Thursday, October 16th, Hess Commons, 11:45am
Levin Lecture 

Andrew An Chen, PhD
Assistant Professor, Department of Public Health Sciences
Medical University of South Carolina

Methodological Considerations in Applying Brain Charts to New Samples

Abstract:

Multi-site national and international imaging consortia have formed with the goal of precisely characterizing the human brain across the lifespan. These consortia have succeeded in collecting large samples of brain magnetic resonance imaging (MRI) scans to estimate sex-specific trajectories of brain phenotypes across age, often called brain charts. The promise of brain charts is that future researchers and clinicians will be able to assess a new scan for deviations from this healthy trajectory. However, the implementation of these charts in practice is severely limited by differences across study sites, also known as site effects. Here, we first discuss several projects in harmonization of MRI data specifically tailored to this normative modeling setting. Then, we leverage advancements in model uncertainty quantification to propose new ways to calibrate brain charts, as an alternative to harmonizing data. Finally, we apply our approaches to the Lifespan Brain Chart Consortium (LBCC) to assess generalizability to new scans from both healthy individuals and Alzheimer's disease (AD) patients. Based on our findings, we provide methodological recommendations for applying fitted brain charts to new sites.
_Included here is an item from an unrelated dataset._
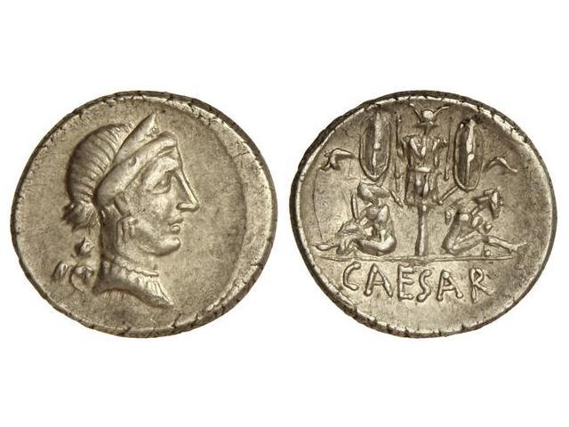 Denario. - Acuñado el 46-45 a.C. - JULIO CÉSAR. - Anv.: Cabeza diademada de Venus a derecha, detrás Cupido. Rev.: Trofeo de armas galas en medio de Galia sentada a izquierda, y Vercingetorix cautivo a derecha. En exergo: CAESAR. 3,90 grs. (Pequeños golpecitos). C-13; Cal-645; FFC-11. MBC+. - -
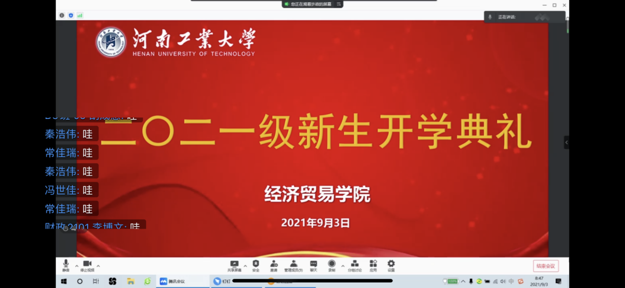 致辞,她首先对2021级新生加入经贸这个大家庭表示欢迎,并表示2021年是不平凡的一年,是“十四五”规划的开局之年,也是中国共产党成立100周年。在河南省遭遇千年特大暴雨、疫情再次席卷而来之际,2021级新生表现出新一代青年的责任担当和初心使命。星空体育

Thursday, October 23rd, Zoom, 11:45am
Levin Lecture 

GuanNan Wang, PhD
Assistant Professor, Mathematics
College of William & Mary

Boosting Biomedical Imaging Analysis via Distributed Functional Regression and Synthetic Surrogates

Abstract:
Understanding how scalar covariates influence spatial patterns in medical imaging data, such as neuroimaging or organ-level functional images, is a central challenge in modern biomedical research. The rapid expansion of large-scale imaging studies has heightened the need for statistical frameworks that are both interpretable and computationally scalable. In this talk, I will introduce a new class of domain-aware functional regression models, where spatially varying coefficients link scalar predictors to imaging responses defined over complex 3D domains. Our Distributed Image-on-Scalar Regression framework employs a triangulation-based domain decomposition strategy, enabling efficient parallel estimation with trivariate penalized splines. This design preserves global spatial structure while flexibly accommodating subregion-specific heterogeneity. To address additional challenges posed by incomplete or noisy imaging data, I will also discuss the use of synthetic surrogates generated with modern AI tools. Rather than imputing missing values directly, these synthetic surrogates can serve as auxiliary data that can be jointly analyzed with observed images, improving efficiency while maintaining robustness to imputation error. Together, these advances pave the way for scalable, uncertainty-aware statistical analysis of high-dimensional biomedical imaging.

Thursday, October 30th, Zoom, 9:00am
Levin Lecture 

Bibhas Chakraborty, PhD
Associate Professor, Centre for Quantitative Medicine; Interim Director, Centre for Quantitative Medicine
Duke-NUS Medical School

Innovative Trial Designs in Mobile Health Using Reinforcement Learning

Abstract:

Mobile health (mHealth) interventions (e.g., motivational text-messages or nudges to promote healthy behaviors) are becoming increasingly common in tandem with advances in mobile and wearable sensor technologies. In this talk, we will discuss an innovative trial design arising in mHealth, namely, the micro-randomized trial (MRT) that involves sequential, within-person randomization over many instances. The basic MRT design can be further improved to make it adaptive, thereby enabling it to learn from accumulated data as the trial progresses. This is appealing from an ethical perspective since the adaptive learning tends to make better interventions available to the trial participants. Adaptive learning in such trial designs is often operationalized via Reinforcement Learning algorithms. Specifically, we will discuss the role of a particular algorithm called Thompson sampling in designing adaptive MRTs. Theoretical as well as simulation results will be shown to validate the proposed approach. An mHealth clinical trial will be discussed in detail as a case study.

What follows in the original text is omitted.